Letizia Michelini insorge contro il dimensionamento scolastico

Letizia Michelini insorge contro il dimensionamento scolastico

Il dimensionamento scolastico del governo colpisce Perugia e l’area del nord

PERUGIA, 28 gennaio 2026 – La gestione della rete formativa regionale si trasforma in uno scontro istituzionale senza precedenti. La consigliera del Partito Democratico, Letizia Michelini, ha alzato il tiro contro il recente commissariamento deciso dall’esecutivo nazionale, definendolo un atto di forza inaccettabile che ferisce l’autonomia del territorio. Al centro della polemica c’è la decisione di Roma di intervenire direttamente sulla distribuzione degli istituti umbri, scavalcando le prerogative della Giunta locale e ignorando, secondo l’esponente Dem, la realtà dei fatti e i numeri reali della popolazione studentesca. Michelini ha annunciato battaglia in Assemblea legislativa, chiedendo che l’esecutivo umbro riferisca immediatamente in aula per spiegare i criteri che hanno portato a questa rottura del dialogo istituzionale.

Il fulcro della denuncia riguarda lo specifico accanimento verso l’area settentrionale della provincia di Perugia. Secondo Michelini, la scelta di colpire con i tagli centri come Città di Castello e Gubbio è priva di basi logiche. Queste zone, infatti, presenterebbero parametri demografici e scolastici tali da non giustificare alcun intervento di soppressione o accorpamento. La consigliera parla apertamente di uno “schiaffo politico” al nord dell’Umbria, un territorio che negli anni ha già fatto la sua parte nel riorganizzare i servizi e che ora si ritrova a pagare un prezzo sproporzionato rispetto alla provincia di Terni. Questo squilibrio nelle scelte del Governo Meloni minerebbe la coesione sociale di un’intera fascia geografica, lasciando presidi educativi fondamentali privi di una guida autonoma.

L’azione politica del Partito Democratico si concretizzerà nel deposito di una mozione e di una richiesta di informativa urgente. L’obiettivo è duplice: da un lato costringere la Giunta regionale a fare chiarezza sulle conseguenze concrete che questo commissariamento avrà sul quotidiano di studenti e famiglie; dall’altro, impegnare ufficialmente le istituzioni regionali a chiedere il ritiro del provvedimento. Michelini sottolinea come l’Umbria avesse già adempiuto ai propri doveri di programmazione, opponendosi con argomenti tecnici a tagli ritenuti ingiusti. La forzatura operata dall’alto viene quindi vista come un atto che umilia le comunità locali, le quali si aspettavano ascolto e condivisione piuttosto che ordini calati direttamente dai palazzi romani.

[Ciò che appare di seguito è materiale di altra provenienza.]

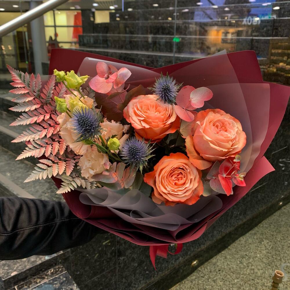 кахала роза пионовидная – 3 шт.Эрингиум синий – 1 шт.эустома персиковая – 1 шт.Эвкалипт – 1 шт.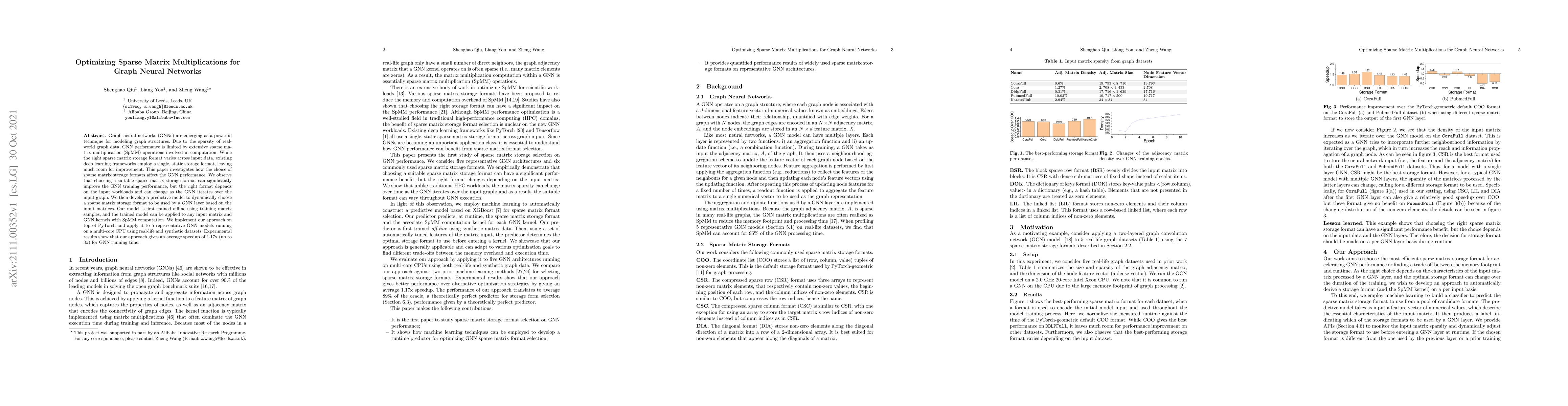 This paper explores optimizing sparse matrix multiplications in graph neural networks (GNNs) by dynamically selecting the most efficient sparse matrix storage format based on input workloads. The proposed predictive model, trained offline, achieves an average speedup of 1.17x (up to 3x) in GNN training performance across various real-life and synthetic datasets.
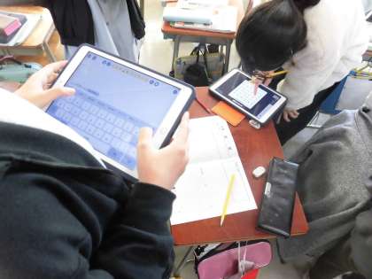 タブレットや旅行雑誌を使って国の特徴を調べたり、写真を貼って国の魅力を伝えたりしています。「どんな写真を貼ったらいいかな?」「その国の観光スポットやおすすめのお土産を紹介したいね。」「みんなが行きたくなるようなパンフレットにしたいね。」など、試行錯誤を重ねながら取り組んでいます。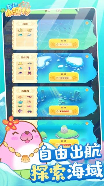 3. 探险探索玩法:组建探险小队,携带渔具和防护道具前往未知海域,探索神秘岛屿,收集稀缺资源的同时,完成守护家园的任务,解锁新的垂钓区域。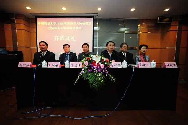4月16日上午,山西临汾市人民检察院“预防职务犯罪”高级研修班在昌平校区国际交流中心举行开班仪式。我校副校长兼法治政府研究院院长马怀德教授、山西临汾市人民检察院副检察长李国希、职务犯罪预防处处长米新玉、bet36365路检测中心副院长张晓琴、刑事司法学院犯罪学研究所所长王顺安教授,以及来自临汾市银监局、国土资源局、地税局、工商局等企事业部门纪检监察干部50余人参加了仪式。仪式由bet36365路检测中心常务副院长兼分党委书记刘守仁主持。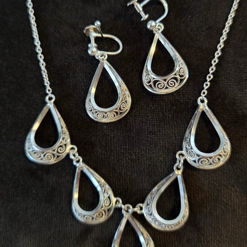 Armbånd og øreringer i oksidert, kraftig sølv.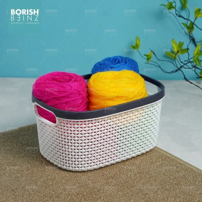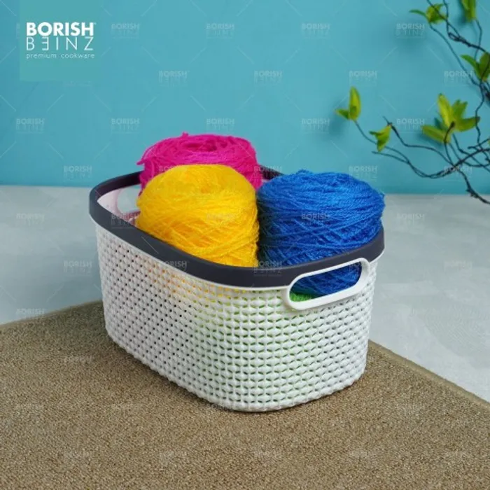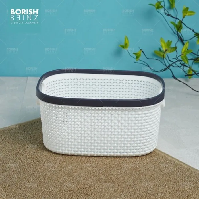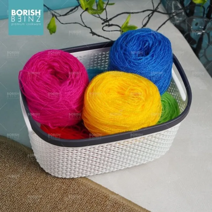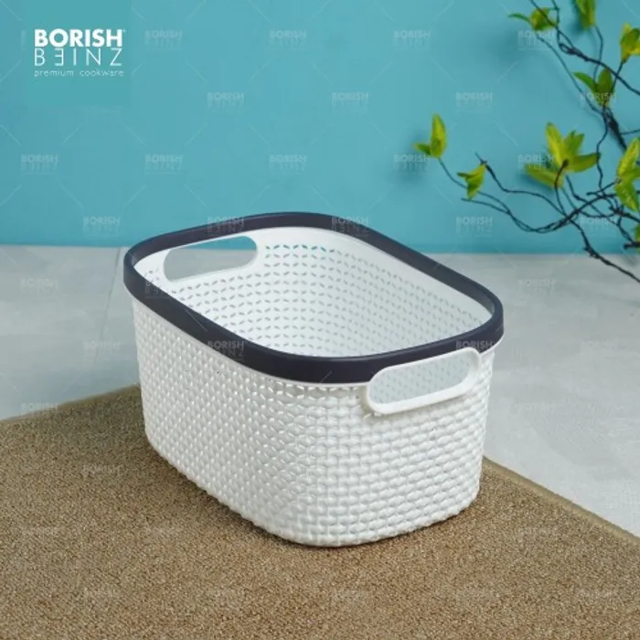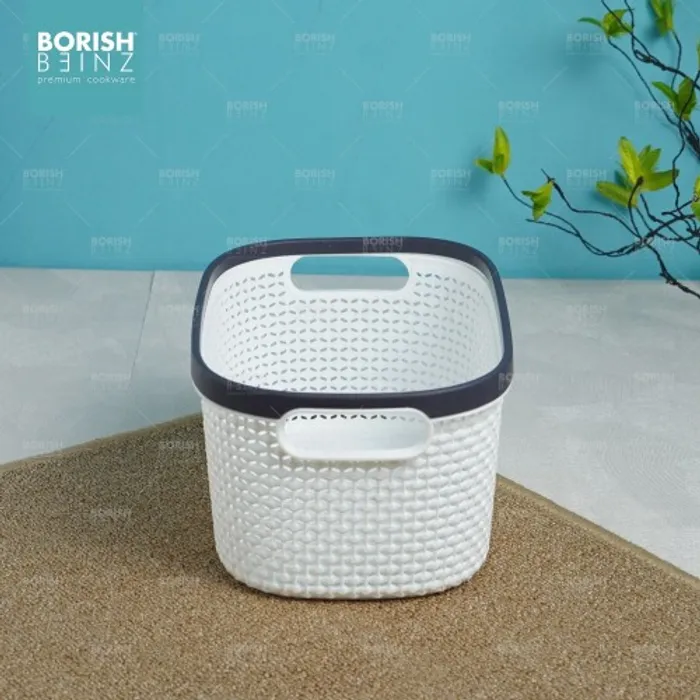 Keranjang serbaguna berbahan plastik tebal. Cocok untuk menyimpan aksesoris, kosmetik, snack, tempat souvenir.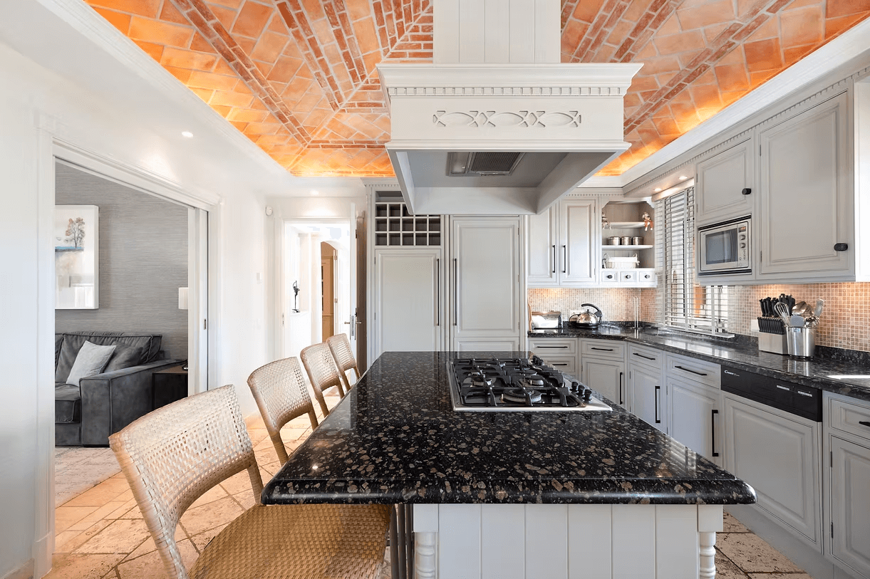 Living areas include a spacious lounge and dining area with fireplace and direct access to the terrace and pool, as well as a comfortable TV room with fireplace and cable TV with English channels.
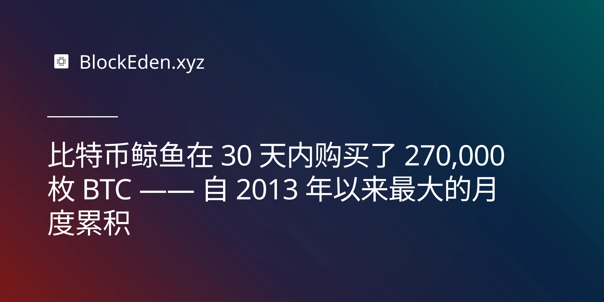 比特币鲸鱼在 30 天内购买了 270,000 枚 BTC —— 自 2013 年以来最大的月度累积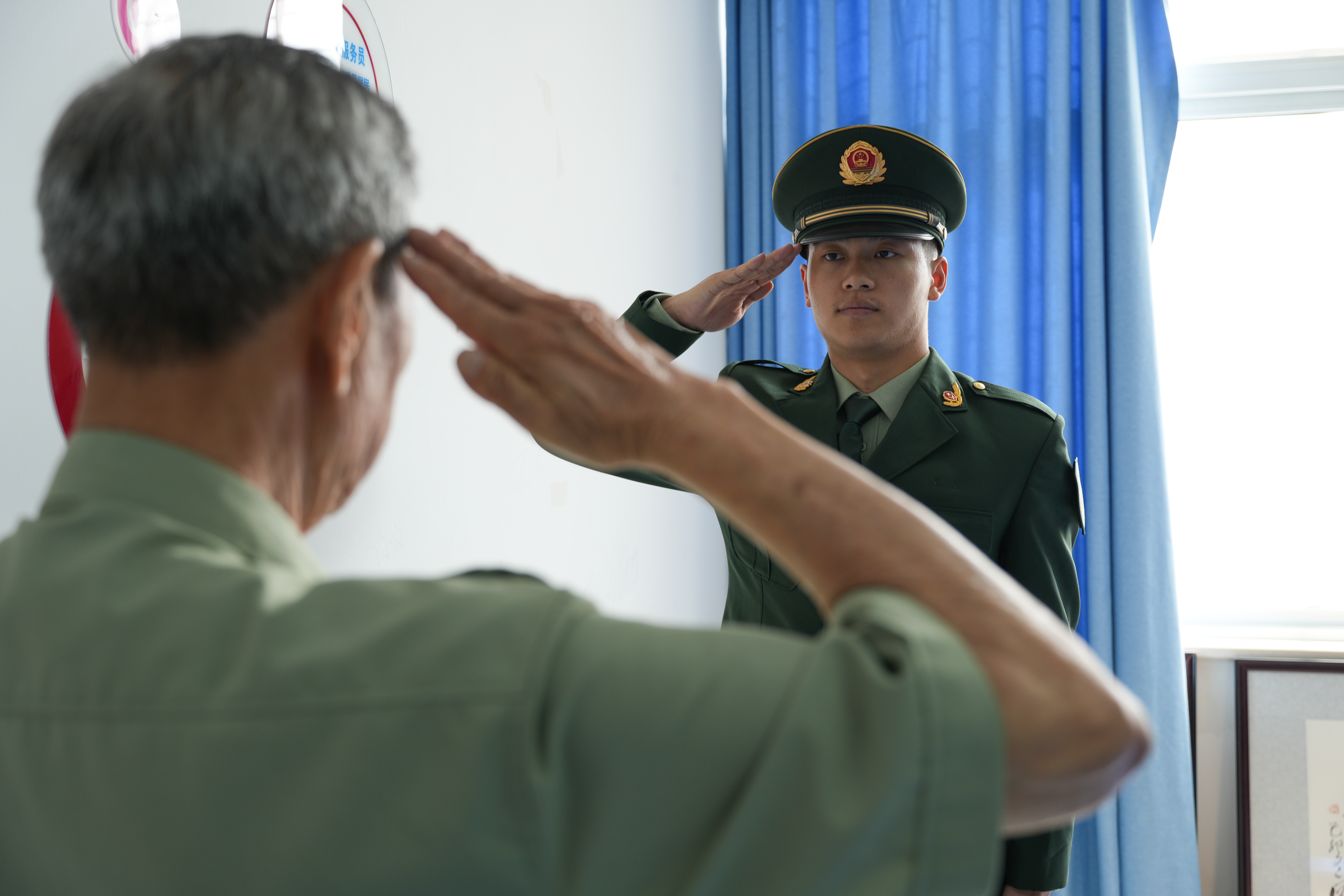 在“两代军人的对话”环节,人文学院法学212班退役大学生贺行郑同学采访了抗美援朝的赵洪庚老兵。贺行郑同学曾服役于解放军某部,两年的军旅生涯,意志品质和专业技能都得到了锻炼。他向赵洪庚老兵报告了在军旅生涯中的收获与成长,赵老对他的成绩表示赞赏,并分享了自己军功章、奖章背后的故事。

La critica si sposta poi sulla visione di fondo che guida queste riforme. Per la consigliera dem, trattare l’istruzione come una semplice voce di spesa da limare per far quadrare i conti è un errore strategico che indebolisce le fondamenta della società. La scuola pubblica non è una variabile tecnica, ma un presidio di libertà e un motore di sviluppo per i piccoli centri e le città dell’Alta Umbria. Colpire chi ha dimostrato di saper programmare con responsabilità significa punire l’efficienza. La battaglia che si profila in Consiglio regionale non sarà quindi solo una disputa tra partiti, ma una difesa dei diritti dei territori a non essere sacrificati sull’altare di una visione centralista che ignora le peculiarità della periferia umbra.